EXERCISE REQUIREMENTS:
Drop the images. Copy every line below character for character.

COLLECTED MATERIAL:

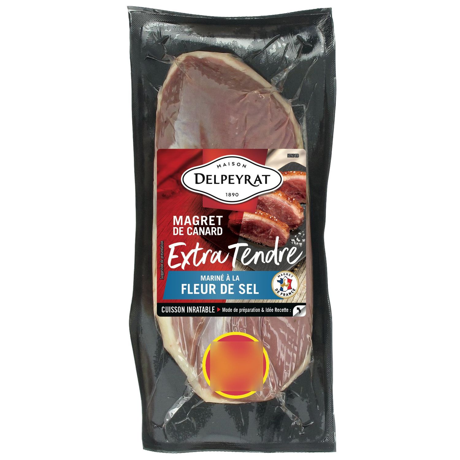 Ingrédients : Ingredients:Magret de canard 92%,eau,sel,fleur de sel 0,2%,conservateur:vinaigre tamponne,jus d'acerola,antioxydant : extrait de romarin
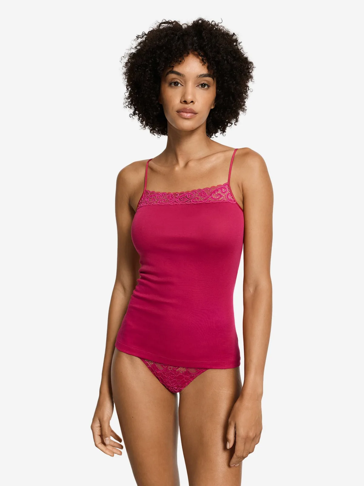 Design: Gevoerde zoom/rand; Materiaal: Katoen; Halstype: Carréhals; Motief: Effen; Soort bandjes: Spaghettibandjes; Details: Kant; Extra's: Op staal naden; Pasvorm: Slanke pasvorm; Armlengte: Mouwloos; Lengte: Normale lengte
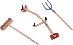 Høtyv, kost, håndkultivator, høballer og en kasse med grøntsager giver legen autenticitet og variation.

EXERCISE RESPONSE:
 Ingrédients : Ingredients:Magret de canard 92%,eau,sel,fleur de sel 0,2%,conservateur:vinaigre tamponne,jus d'acerola,antioxydant : extrait de romarin
 Design: Gevoerde zoom/rand; Materiaal: Katoen; Halstype: Carréhals; Motief: Effen; Soort bandjes: Spaghettibandjes; Details: Kant; Extra's: Op staal naden; Pasvorm: Slanke pasvorm; Armlengte: Mouwloos; Lengte: Normale lengte
 Høtyv, kost, håndkultivator, høballer og en kasse med grøntsager giver legen autenticitet og variation.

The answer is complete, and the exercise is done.